L'analisi attuale evidenzia la necessità di contribuire a mantenere unito strutturalmente questo grande Paese mediorientale, sul piano territoriale, ma anche attraverso la ricerca di una nuova omogeneità istituzionale, affinché tutte le forze etniche, civili e culturali si possano riconoscere in un nuovo equilibrio del post Assad. Per fare questo, stiamo lavorando. Difatti, è una delle questioni che ci occupa in assoluto maggiormente in termini di azione di politica estera. Stiamo lavorando per dare solidità a un'alternativa.
Il regime non è più rispondente a quella che può essere la Siria del futuro.
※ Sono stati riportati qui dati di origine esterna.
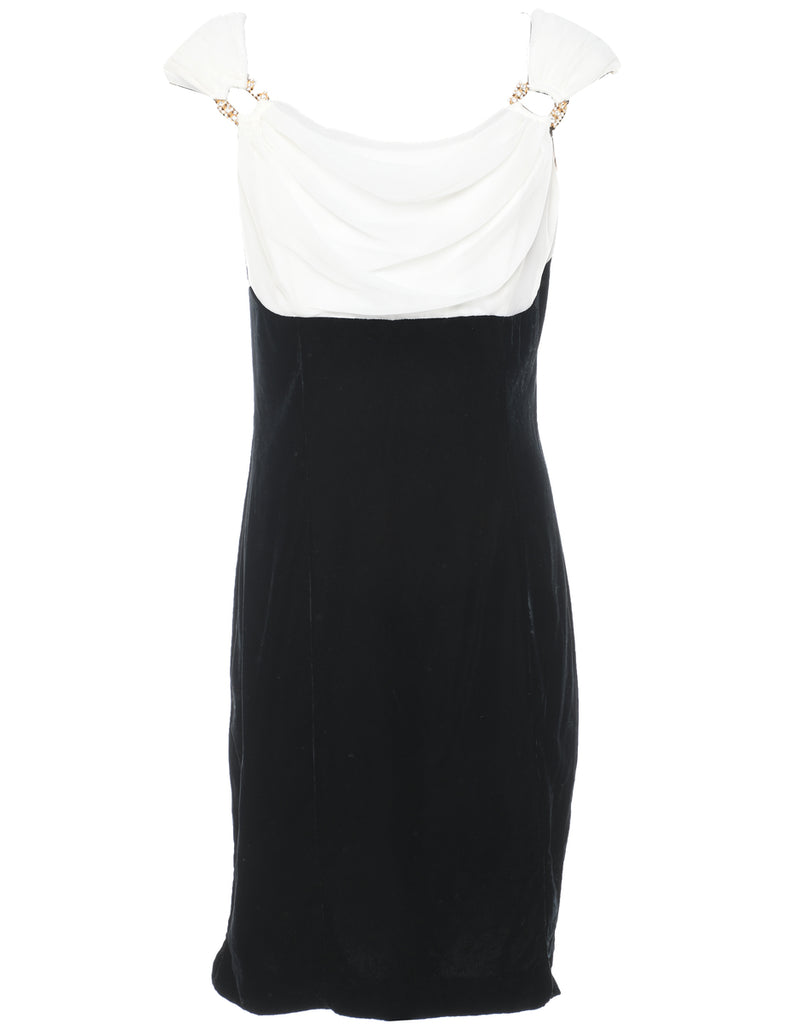 Two-Tone Black & Off-White Backless Evening Dress - M

Questo è ormai chiaro forse anche all'interno della stessa componente alawita, nella quale, come in tutte le altre componenti etnico-culturali del Paese, ci sono delle voci che ostacolano questo regime, con questo metodo di repressione, che - dobbiamo dirlo - è stato certamente aiutato dall'esterno. È vero che si è aiutata la resistenza e l'insorgenza, ma ricordiamo che per quasi un anno le manifestazioni erano pacifiche ed erano controllate da spari di cecchini dei tetti; poi, via via, con gradienti sempre più gravi, si sono attuate addirittura operazioni di pulizia etnica nei quartieri di Aleppo, di Dara e di Hama. Vi è stato, poi, l'eccidio di Hama, addebitato dal regime alle forze dell'insorgenza. Ci è voluto un giornalista investigativo per dimostrare che fosse tutto falso.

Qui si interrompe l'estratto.